Inês de Medeiros disse hoje em conferência de imprensa que o estado de degradação extrema desta zona do domínio público hídrico, e tendo em conta as avaliações técnicas do Serviço Municipal de Protecção Civil da Almada, não deixou outra opção que não a interdição de circulação no espaço de forma a garantir a segurança de pessoas e bens naquela zona.
“Estamos a tentar encontrar uma solução que permita reabrir aquele acesso o mais rapidamente possível, desde que estejam garantidas as condições de segurança”, frisou.
A operação de retirada das pessoas estava prevista para hoje, algumas já terão aceitado deslocar-se para essa zona, mas outras dizem recear que ao sair fiquem na terra de ninguém.
Paulo Santos é uma dessas pessoas. “Só saio para uma casa. Eu trabalho, desconto, tenho contrato de trabalho, estou efectivo numa empresa. Posso pagar renda, nunca disse que não pagava, mas com os nossos ordenados precisamos de uma casa com renda justa”, disse, adiantando que as suas memórias de sempre “vivem” naquele local e que ir para um ginásio de uma escola com os dois filhos “não é opção”.
Também Isabel Ramos, do Movimento Vida Justa, manifestou preocupação com as soluções que possam ser dadas às pessoas que são alvo de despejo.
“Temos aqui residentes que no espaço de uma semana ficam sem casa. Independentemente do estado dos armazéns era aqui que tinham a sua casa. A Vida Justa está com as pessoas e preocupa-nos não haver respostas. O que será feito com estas pessoas? Ficam duas semanas abrigadas na escola e depois?”, questionou.
Isabel Ramos disse, ainda em declarações à agência Lusa, que o movimento “tem plena consciência do estado degradado do passeio e dos armazéns”, mas considera ainda mais problemático “o processo tão acelerado com que as pessoas estão a ser despejadas”.
Mais à frente, numa outra casa, funciona o colectivo Gira Ginjal, um local de Encontro e Partilha Cultural e Social que nasceu naquela zona e que também terá de sair.
Teresa, do colectivo Gira Ginjal, chamou a atenção para a particularidade deste espaço e para a importância de ser preservado, porque, salienta, é nesta zona que tem a sua essência.
A necessidade de intervenção na zona do Ginjal, visível há já algum tempo, está actualmente envolta numa contenda entre a autarquia e a Administração do Porto de Lisboa.

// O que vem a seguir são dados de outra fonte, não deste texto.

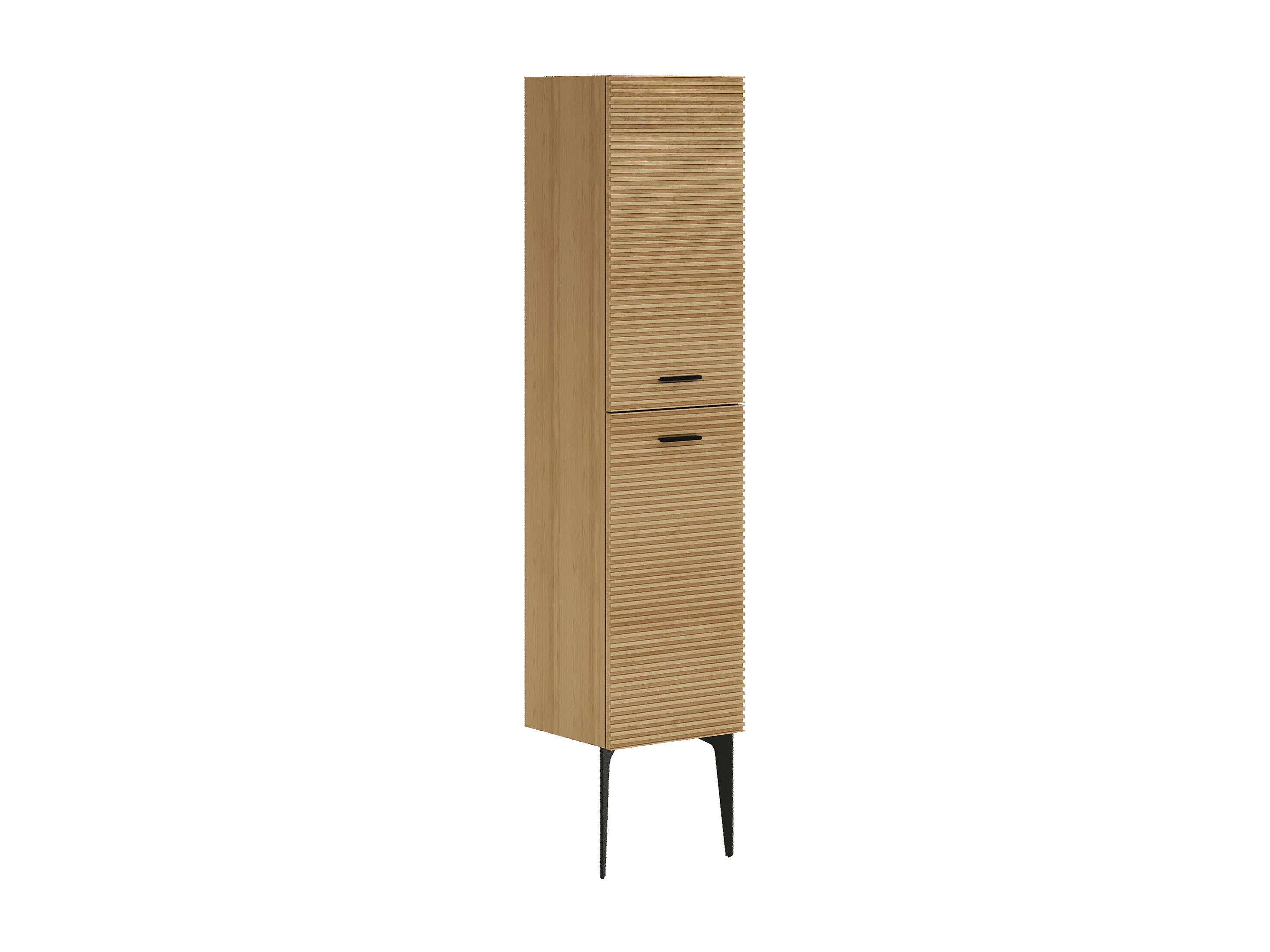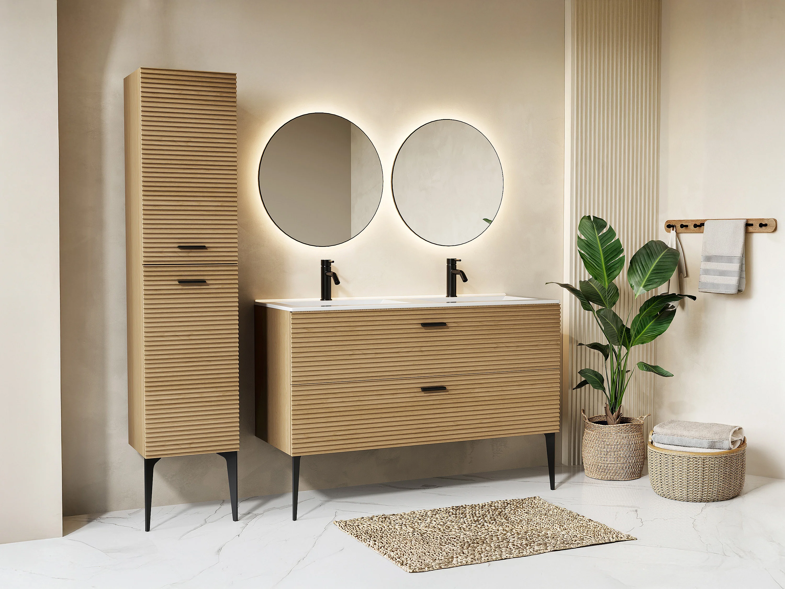 Meuble de salle de bain strié sur pieds avec vasque à encastrer et colonne - 2 tiroirs - Naturel clair - 120 cm - SARONE

A presidente da Câmara Municipal de Almada disse hoje que tem já agendada uma reunião com a Administração do Porto de Lisboa (APL) para o dia 14 de Abril, entidade que tem a jurisdição daquele território e que, numa resposta enviada à agência Lusa, disse não ser da sua competência intervir no Cais do Ginjal, considerando que essa é uma responsabilidade da autarquia e dos proprietários privados.
A resposta da APL causou estranheza e estupefacção à autarca de Almada que, em reunião de câmara, realizada na segunda-feira, acusou a administração central (Estado) de “ter o mau hábito de querer as melhores zonas do concelho e de impedir o desenvolvimento e a reabilitação”.

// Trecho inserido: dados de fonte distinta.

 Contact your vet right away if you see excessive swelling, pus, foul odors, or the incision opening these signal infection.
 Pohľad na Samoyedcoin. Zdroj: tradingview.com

“Conto com todos os senhores vereadores e as forças políticas que representam para, solidariamente, dizer ao Estado que já chega de quererem o poder, mas quando são chamados à responsabilidade lavam as mãos como Pilates e dizem que quem paga é o município”, disse a presidente da Câmara Municipal de Almada.
Construído em 1860, o Cais do Ginjal, enclausurado entre a falésia e o rio Tejo, foi em tempos ponto estratégico de forte actividade industrial e comercial, onde além de ser permitido pescar, atracavam bastantes embarcações, fossem elas de pesca ou de transporte de mercadorias.
Segundo uma nota histórica divulgada na página da União de Freguesias de Almada, Cova da Piedade, Pragal e Cacilhas, os edifícios hoje em ruínas eram armazéns, principalmente de vinhos, e oficinas ou fábricas, nomeadamente de tanoaria, têxteis, cortiça, construção naval, destilaria e conservas.
A construção da Ponte sobre o Tejo entre Lisboa e Almada desviou grande parte do tráfego de mercadorias, de fluvial para rodoviário, conduzindo à decadência e ao abandono da maioria dos armazéns e das indústrias ali instaladas.